Dalam penerjemahan, terdapat istilah kesetiaan. Dalam makalah ini, istilah kesetiaan
mungkin sedikit berbeda dengan yang telah banyak diperbincangkan dalam dunia
penerjemahan. Kesetiaan di bidang penerjemahan telah banyak diketahui sebagai suatu
penerjemahan yang mempertahankan isi, bentuk dan kata dalam teks bahasa sumber. Namun
dalam makalah ini, kesetiaan dipandang dari sudut yang berbeda yakni kesetiaan terhadap isi
pesan yang ada dalam teks bahasa sumber.

Saat penerjemah diperbolehkan mengganti isi pesan dari bahasa sumber ke bahasa
sasaran, hal ini akan membuat para penerjemah mengalami suatu dilema mengingat definisi
penerjemahan adalah suatu proses menyampaikan pesan yang tercantum dalam bahasa
sumber. Untuk kasus yang disebutkan di atas, pada situasi di mana penerjemah mengubah isi
pesan yang secara otomatis juga mengubah kata yang ada di dalamnya, apakah hal tersebut
dapat disebut bahwa penerjemahannya tidak setia pada isi atau tidak setia pada teks bahasa
sumber? Jawabannya mungkin dapat berbeda tergantung dari sudut pandang manakah
kesetiaan itu dilihat.
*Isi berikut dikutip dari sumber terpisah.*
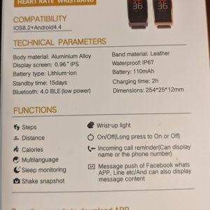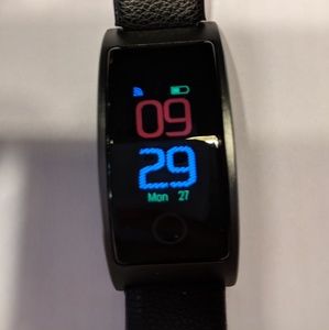 Smartwatch Bluetooth enabled, similar to Fitbit. Compatible with Android phones. Monitors blood pressure, heart rate, calories burned, number of steps, sleep patterns, sedentary reminder, multi-language, water-resistant IP67 (not sure what it means but it's on box). can help you find your lost phone & many other things but I don't have enough room to list them all. I'm selling this because I'm used to wearing gold colored watches & I can't get used to this black on my wrist. Refunds accepted

Pengubahan isi yang dilakukan oleh penerjemah dalam kasus di atas
melibatkan pengetahuan yang dimiliki oleh si penerjemah. Sehingga dalam kasus ini, dapat
dikatakan penerjemah berusaha untuk setia terhadap ilmu pengetahuan karena jika ia
menerjemahkan suatu teks yang salah, maka sama saja ia mengkhianati ilmu pengetahuan
yang telah ia ketahui dan menyesatkan para pembacanya.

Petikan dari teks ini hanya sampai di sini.